To understand how hackers see piracy, I suggest reading Eric Raymond's open letter to Chris Dodd:

http://esr.ibiblio.org/?p=4155

Money quote:

    We engineers do have an actual problem with Hollywood and the music industry,
    but it’s not the one you probably assume. To be blunt (because there isn’t any
    nice way to put this) we think Big Entertainment is largely run by liars and
    thieves who systematically rip off the artists they claim to be protecting
    with their DRM, then sue their own customers because they’re too stupid to
    devise an honest way to make money.

    I’m sure you don’t agree with this judgment, but you need to understand how
    widespread it is among technologists in order to get why all those claims
    about “piracy” and lost revenues find us so unsympathetic. It’s bad enough
    that we feel like our Internet and our computers are under attack, but having
    laws like SOPA/PIPA/ACTA pushed at us on behalf of a special-interest group we
    consider no better than gangsters and dimwits makes it much worse.

    Some of us think the gangsters’ behavior actually justifies piracy. Most of us
    don’t agree that those two wrongs add up to a right, but I can tell you this:
    if you make the technologists choose between the big-media gangsters and the
    content pirates, effectively all of us will side with the content pirates as
    the lesser of the two evils. Because maybe both sides are stealing on a vast
    scale, but only one of them doesn’t want to screw with our Internet or cripple
    our computers.

    We’d really prefer to oppose both groups, though. Our sympathies in this mess
    are with the artists being ripped off by both sides.
Note that the Rails Tutorial is neither part of Hollywood nor part of the music industry. It is distributed as DRM-free files that don't restrict your freedom in any way. When you make a purchase at railstutorial.org, the proceeds go directly to the "artist" (which in this case happens to be me).

As the author of the tutorial, I would of course rather you obtain the files legally. But if you do find an illegal copy, end up learning Rails, and get a high-paying job as a Rails developer, please tell your employer how you learned it. :-)


Funny how the attitude of HN users change their mind about content piracy when it's closer to something like what they work on.
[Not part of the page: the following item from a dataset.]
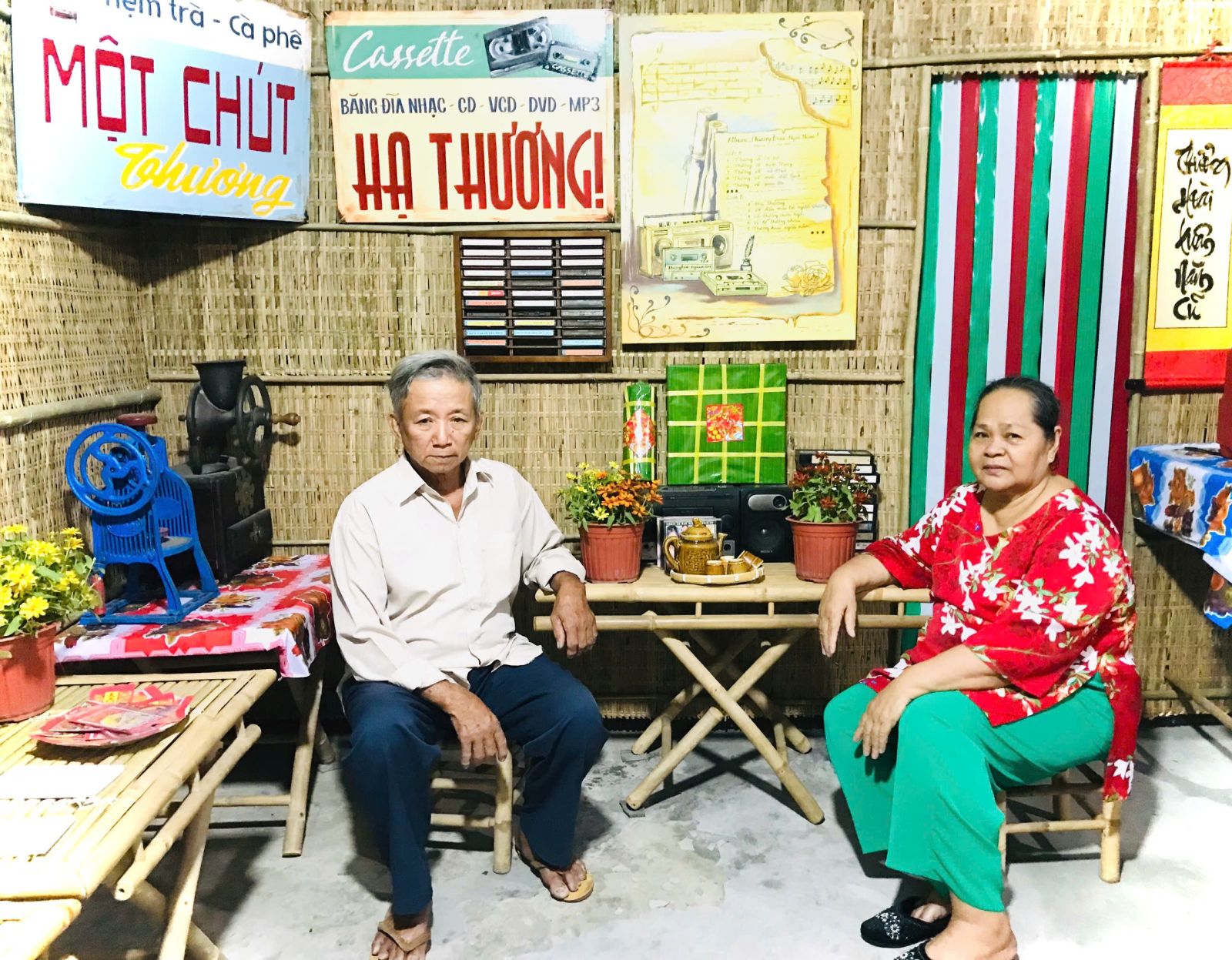 Thoang thoảng mùi hương hoa vạn thọ, xen lẫn làn gió Xuân mát dịu, hỏi thêm về ý tưởng căn nhà tranh được sắp xếp từng bố cục, từng góc kỷ niệm với từng bảng hiệu riêng?

I don’t think the majority of people here condone piracy. It’s the practice of criminalizing people who don’t acquire stuff legally because they either can’t (e.g. the content not being available in their country) or won’t (because the distribution model puts the consumer in a unfavorable position) that rubs people the wrong way.



It might be in the spirit of HN but not in the spirit of being decent considering the hardwork that must of gone into this great resource.